### Task directions
For this task, output exactly the lines of the material below starting at the line with "Till en början" and ending at the line with "Denna kattlåda är"; pictures are to be excluded.

### Excerpted records
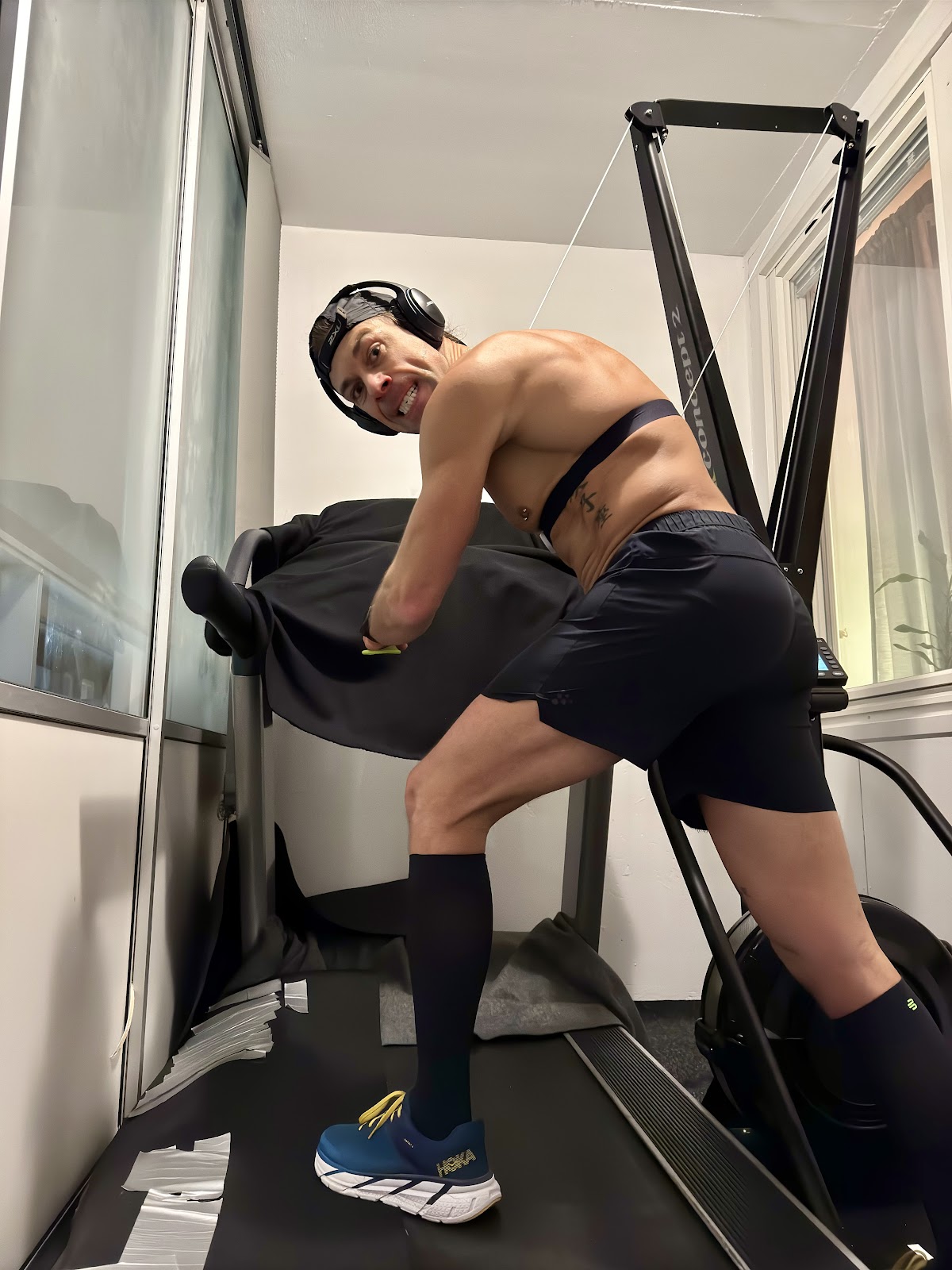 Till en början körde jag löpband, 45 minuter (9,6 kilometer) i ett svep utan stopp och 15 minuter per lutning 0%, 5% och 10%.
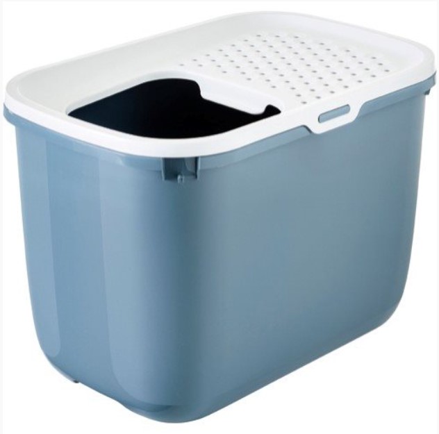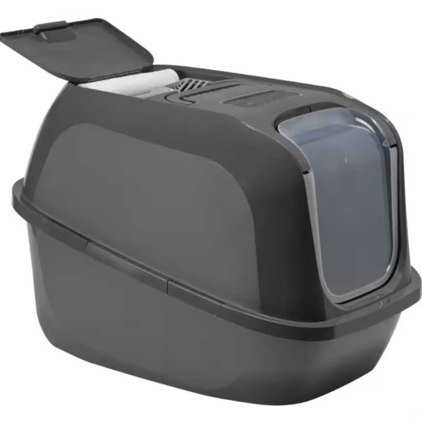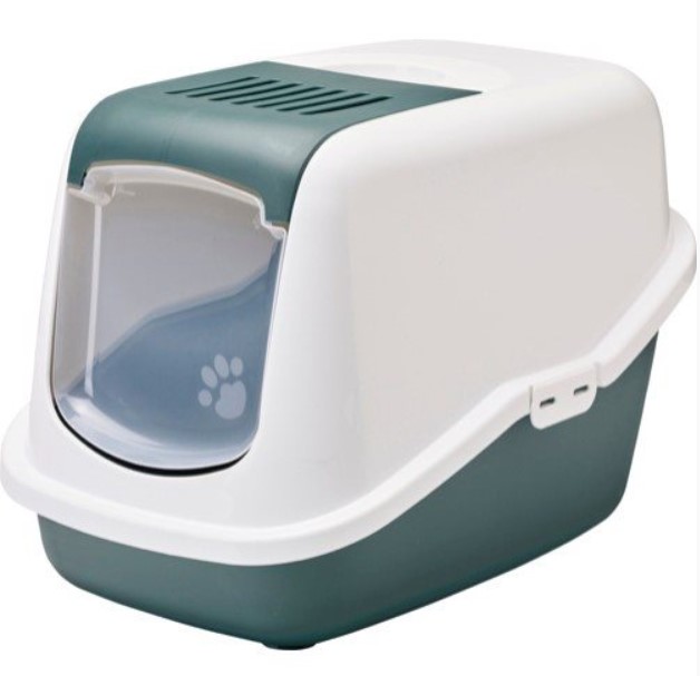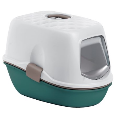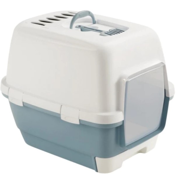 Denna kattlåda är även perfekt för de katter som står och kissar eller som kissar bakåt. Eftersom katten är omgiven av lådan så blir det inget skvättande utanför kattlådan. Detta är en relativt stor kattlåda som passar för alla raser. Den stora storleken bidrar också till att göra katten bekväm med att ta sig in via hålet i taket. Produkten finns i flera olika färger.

* * *

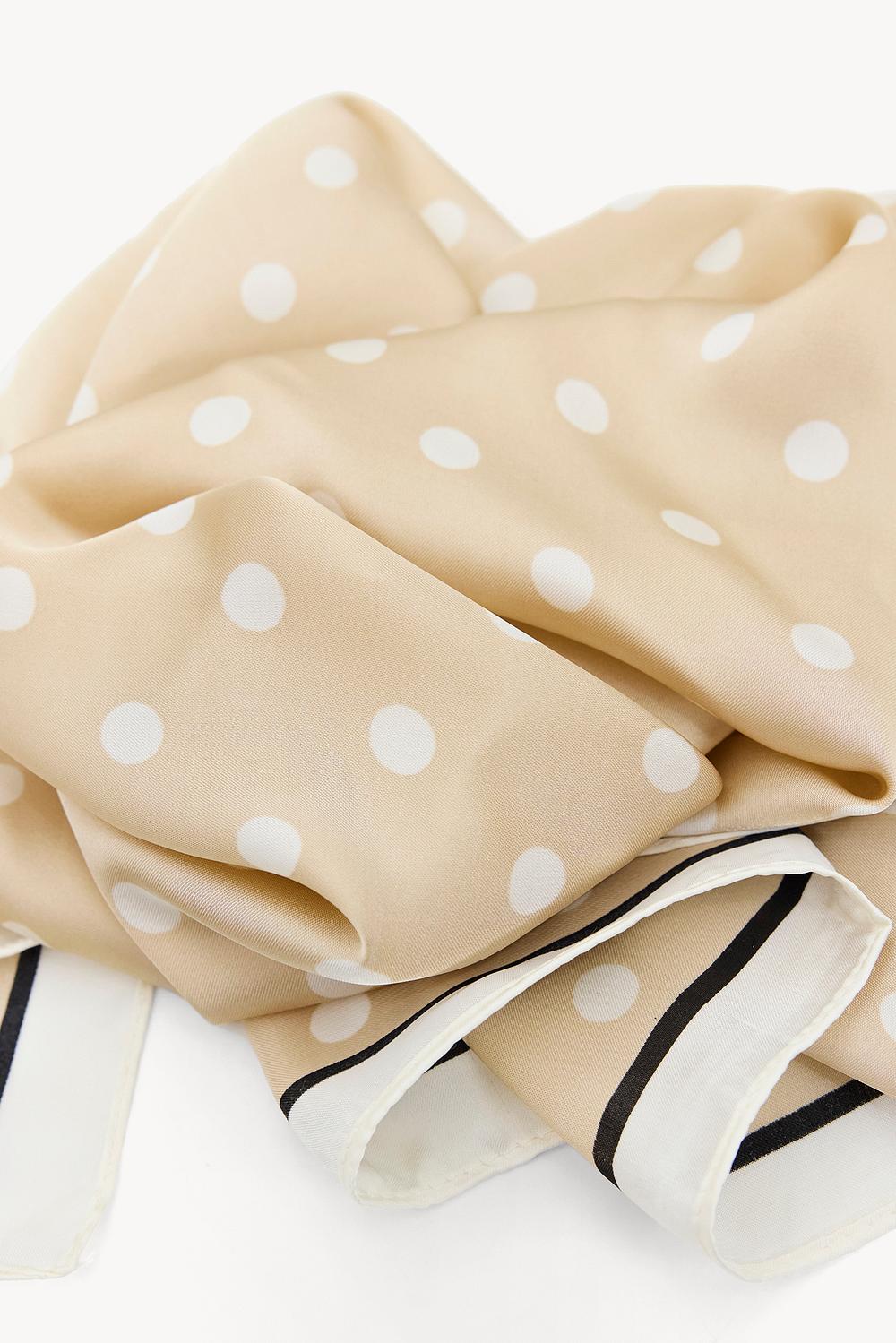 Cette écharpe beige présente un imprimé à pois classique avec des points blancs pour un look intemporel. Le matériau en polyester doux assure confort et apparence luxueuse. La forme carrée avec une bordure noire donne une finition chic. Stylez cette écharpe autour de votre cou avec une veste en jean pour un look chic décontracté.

### Task answer
 Till en början körde jag löpband, 45 minuter (9,6 kilometer) i ett svep utan stopp och 15 minuter per lutning 0%, 5% och 10%.
 Denna kattlåda är även perfekt för de katter som står och kissar eller som kissar bakåt. Eftersom katten är omgiven av lådan så blir det inget skvättande utanför kattlådan. Detta är en relativt stor kattlåda som passar för alla raser. Den stora storleken bidrar också till att göra katten bekväm med att ta sig in via hålet i taket. Produkten finns i flera olika färger.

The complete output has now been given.